The Paintclad escorts nodded and took the Masked away to do the dirty work that no other caste deigned to do.

It wasn’t right.

But if Seph tried to do anything about it, if he even so much as lifted the Masked’s hood to let it see a glimpse of water-filtered sunlight, he’d be made Masked himself.

It was a perfect system for keeping people quiet. No wonder no one fought it.

“So,” Roland said as he and his brother stepped back out of his father’s office, “which of your industrious little workers is the one who ratted me out this morning?”

Seph froze, his soup spoon halfway to his mouth, before hastily plunking the spoon back in the bowl. Shit.

Sire Imprimatur scanned the Paintclad faces around the lunch table, and Seph ducked his gaze down before he could catch him looking.

Shit.

And then there were two sets of white sandals in his peripheral vision.

“Son, this is Seph Allele.”

“Seph, eh?” Roland said.

Seph clenched his gloved hands under the table and let loose a string of curses in the privacy of his mind. He’d wanted to tell Roland his name when he was swimming in a post-coital haze, not in this antiseptic office where they couldn’t even acknowledge that they knew each other.

“Seph, you can look at me.”

He softened his jaw, and looked up.

And caught an unmistakable flash of recognition in Roland’s eyes.

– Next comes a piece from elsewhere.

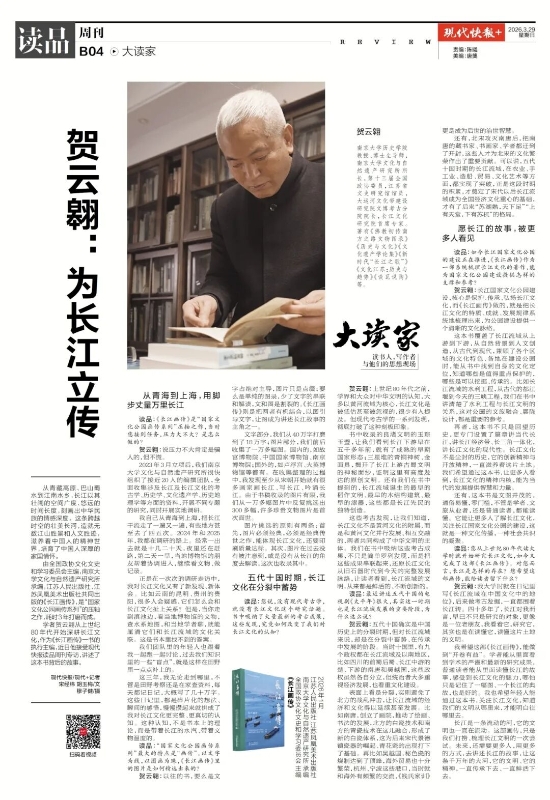 学者贺云翱从上世纪80年代开始深耕长江文化,作为《长江画传》一书的执行主编,近日他接受现代快报读品周刊专访,讲述了这本书背后的故事。

A small grin quirked the corners of Roland’s mouth, and he held out his hand. “It’s good to meet someone who takes pride in his work. There’s not a lot of that above the seventh floor. Come on, let’s shake on it Earth style.”

Touching an Adorned in public was a punishable offense, even with gloves.

But Roland was the one asking for it. And there were Adorned witnesses, no less.

So Seph reached up and clasped Roland’s hand in his. Roland gave his hand a firm shake, then leaned in close and whispered, “Tonight, we talk.”

As Roland walked off to the lift cloud, Sire Imprimatur asked, “What did my son say to you? Did he threaten you?”

“No sir. He just complimented me again, sir.”

“Hrmph.”

After lunch, Seph was grateful for the repeat work in his queue, because he was too preoccupied to a new job justice. Did Roland want to talk about their relationship? Did Roland even think they had a relationship? Did he want one? Was he going to break things off? Or was he going to violate the unwritten rules of Old Town and show up with the Caste Police, declaring that Seph had taken advantage of him and demanding that he be punished. That punishment would likely involve removal of his penis, maybe his tongue, maybe both.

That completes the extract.